■范甫生
我出生于上世纪六十年代初,是个农二代。穷人的孩子早当家,从六七岁时起,父母就教我学做一些简单的家务和农活。也许正是这个原因,从小到大我的双手和双脚上留下了许多大大小小的疤痕。
手上数量最多的疤痕当属小时候冬天生冻疮时留下的,其次是割草时被茅刀割伤留下的。这些疤痕平时不是很明显,但每当到了数九寒天的时候,颜色就会显得有点紫。

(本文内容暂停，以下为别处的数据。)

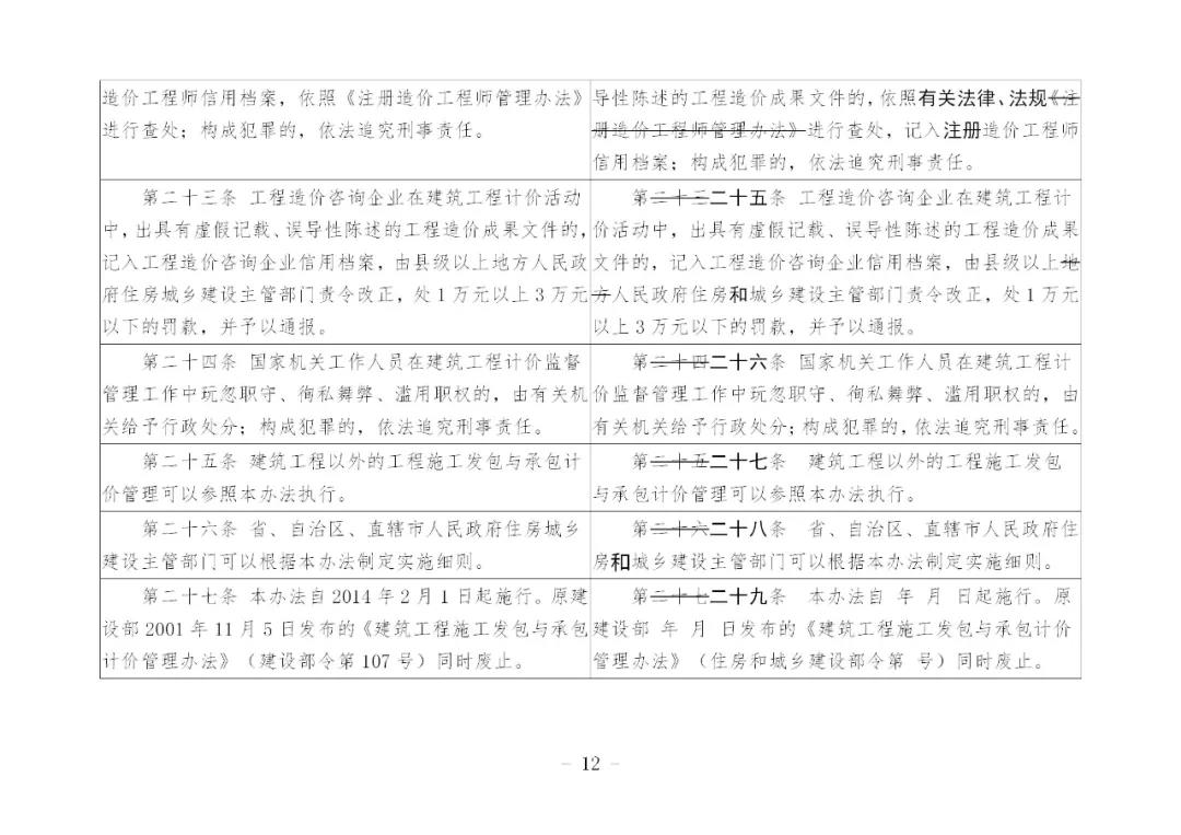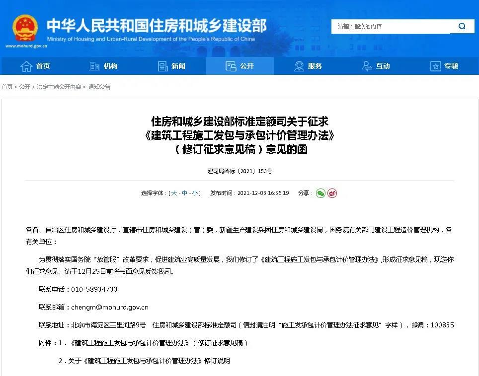 住建部標準定額司關于征求《建筑工程施工發(fā)包與承包計價管理辦法》(修訂征求意見稿)意見的函

一双手,左手受伤的概率要大得多。我左手上有两道长约两厘米的疤痕,一道位于大拇指上段,另一道位于虎口处。小时候的农村几乎家家户户都养猪,由于没有现成的猪饲料可买,就必须把食材煮熟后给猪吃。地里的青菜、番薯和藤蔓是猪最好的食材,煮之前要先对它们进行切割。那次,邻居小伙伴叫我帮他铡番薯藤,我毫不犹豫就干开了。我一边铡一边跟他交流前两天刚看过的电影。突然,感觉左手拇指钻心地痛,定睛一看,大拇指被铡开了一道很大的口子,在不停地流血。小伙伴也吓坏了,赶紧找来一根布条帮我包扎。直到傍晚,在大队当赤脚医生的堂叔回来时,才帮我上药包扎。过了十来天,伤口终于好了,但疤痕却永远留了下来。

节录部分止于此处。